Reputation: 2143
Consider having a workshop
table with the following records:
id | name |
---|---|
1 | Epic Car Repairs |
2 | Car Care Workshop - Alpha |
3 | Car Care Workshop - Bravo |
4 | Car Care Workshop - Charlie |
5 | Bosch Car Service Centre |
Assume all the Car Care Workshop
's with id
's 2
, 3
, 4
are part of a franchise. If I have a list of quotes submitted by all of these workshops (assume each of the 5 workshops submitted 1 quote) and assume I have a list of id's for each workshop in the franchise, how do I go about counting the quotes in linq so that all the quotes of the the franchisee workshops count as only 1?
quotes.Count()
gives a value of 5
quotes.Count('somehow identify distinct franchises')
should give a value of 3
Upvotes: 0
Views: 44
Reputation: 2191
First you need to decide on a way to uniquely identify distinct values, for example name up to the first dash (-).
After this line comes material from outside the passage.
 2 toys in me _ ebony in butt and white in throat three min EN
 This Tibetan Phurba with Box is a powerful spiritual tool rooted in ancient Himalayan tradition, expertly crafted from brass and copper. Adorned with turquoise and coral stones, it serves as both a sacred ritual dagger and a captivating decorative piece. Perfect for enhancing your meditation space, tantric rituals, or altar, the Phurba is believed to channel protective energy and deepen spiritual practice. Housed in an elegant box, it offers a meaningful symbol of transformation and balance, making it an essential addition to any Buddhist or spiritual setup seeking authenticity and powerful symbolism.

Then you can count distinct values based on this property.
Perhaps something like this;
private class Workshop
{
public Workshop(int id, string name)
{
Id = id;
Name = name;
}
public int Id { get; }
public string Name { get; }
public string UniqueName => Name.Split('-').First().Trim();
}
I like to use a helper extension method so that I can get distinct values by a specific property / method.
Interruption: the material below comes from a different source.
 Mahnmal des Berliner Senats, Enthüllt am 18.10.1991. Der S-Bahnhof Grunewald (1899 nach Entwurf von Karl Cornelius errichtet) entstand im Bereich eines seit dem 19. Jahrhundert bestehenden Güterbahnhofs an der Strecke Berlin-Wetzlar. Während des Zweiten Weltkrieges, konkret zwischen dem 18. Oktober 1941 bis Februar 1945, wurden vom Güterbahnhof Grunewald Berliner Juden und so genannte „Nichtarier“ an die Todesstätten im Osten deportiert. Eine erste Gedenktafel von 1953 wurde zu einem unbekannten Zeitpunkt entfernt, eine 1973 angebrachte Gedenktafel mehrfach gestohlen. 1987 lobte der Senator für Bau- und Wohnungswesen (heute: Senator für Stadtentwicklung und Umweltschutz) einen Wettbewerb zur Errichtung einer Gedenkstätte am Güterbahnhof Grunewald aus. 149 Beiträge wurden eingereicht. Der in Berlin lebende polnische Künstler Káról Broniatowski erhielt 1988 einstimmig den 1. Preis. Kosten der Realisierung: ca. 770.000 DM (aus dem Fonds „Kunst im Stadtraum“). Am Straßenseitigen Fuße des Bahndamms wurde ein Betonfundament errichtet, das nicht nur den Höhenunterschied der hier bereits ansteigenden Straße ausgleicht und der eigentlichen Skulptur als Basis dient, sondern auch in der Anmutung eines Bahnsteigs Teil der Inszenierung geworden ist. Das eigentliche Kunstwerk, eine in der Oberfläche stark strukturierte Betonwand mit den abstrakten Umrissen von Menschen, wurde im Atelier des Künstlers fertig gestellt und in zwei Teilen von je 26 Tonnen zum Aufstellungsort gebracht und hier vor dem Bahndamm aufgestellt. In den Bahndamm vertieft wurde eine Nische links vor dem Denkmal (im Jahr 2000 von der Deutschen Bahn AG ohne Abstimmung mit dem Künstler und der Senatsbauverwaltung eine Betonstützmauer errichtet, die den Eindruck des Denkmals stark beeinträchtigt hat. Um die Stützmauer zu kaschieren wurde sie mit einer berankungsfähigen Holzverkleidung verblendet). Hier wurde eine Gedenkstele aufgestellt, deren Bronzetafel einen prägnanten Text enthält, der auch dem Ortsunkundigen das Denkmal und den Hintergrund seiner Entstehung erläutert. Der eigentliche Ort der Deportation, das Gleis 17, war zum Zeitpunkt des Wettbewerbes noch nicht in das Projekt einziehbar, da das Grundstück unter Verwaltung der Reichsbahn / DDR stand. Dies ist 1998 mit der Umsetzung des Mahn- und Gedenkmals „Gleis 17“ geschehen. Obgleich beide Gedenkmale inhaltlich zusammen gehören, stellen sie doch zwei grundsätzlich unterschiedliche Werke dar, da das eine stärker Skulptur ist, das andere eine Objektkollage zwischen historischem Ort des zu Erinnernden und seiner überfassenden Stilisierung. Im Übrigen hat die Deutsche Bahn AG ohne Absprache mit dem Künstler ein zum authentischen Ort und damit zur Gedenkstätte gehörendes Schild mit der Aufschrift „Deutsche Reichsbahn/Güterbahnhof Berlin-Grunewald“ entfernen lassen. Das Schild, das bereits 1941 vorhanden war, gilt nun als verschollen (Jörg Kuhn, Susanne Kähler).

public static IEnumerable<T> DistinctBy<T, T2>(this ICollection<T> collection, Func<T, T2> selector)
{
return collection.GroupBy(selector).Select(x => x.First());
}
Your scenario;
[Test]
public void DistinctBy_works()
{
ICollection<Workshop> collection = new List<Workshop>();
collection.Add(new Workshop(1, "Epic Car Repairs"));
collection.Add(new Workshop(2, "Car Care Workshop - Alpha"));
collection.Add(new Workshop(3, "Car Care Workshop - Bravo"));
collection.Add(new Workshop(4, "Car Care Workshop - Charlie"));
collection.Add(new Workshop(5, "Bosch Car Service Centre"));
var result = collection.DistinctBy(x => x.UniqueName).ToList();
result.Count.Should().Be(3);
result[0].Id.Should().Be(1);
result[1].Id.Should().Be(2);
result[2].Id.Should().Be(5);
}
Upvotes: 2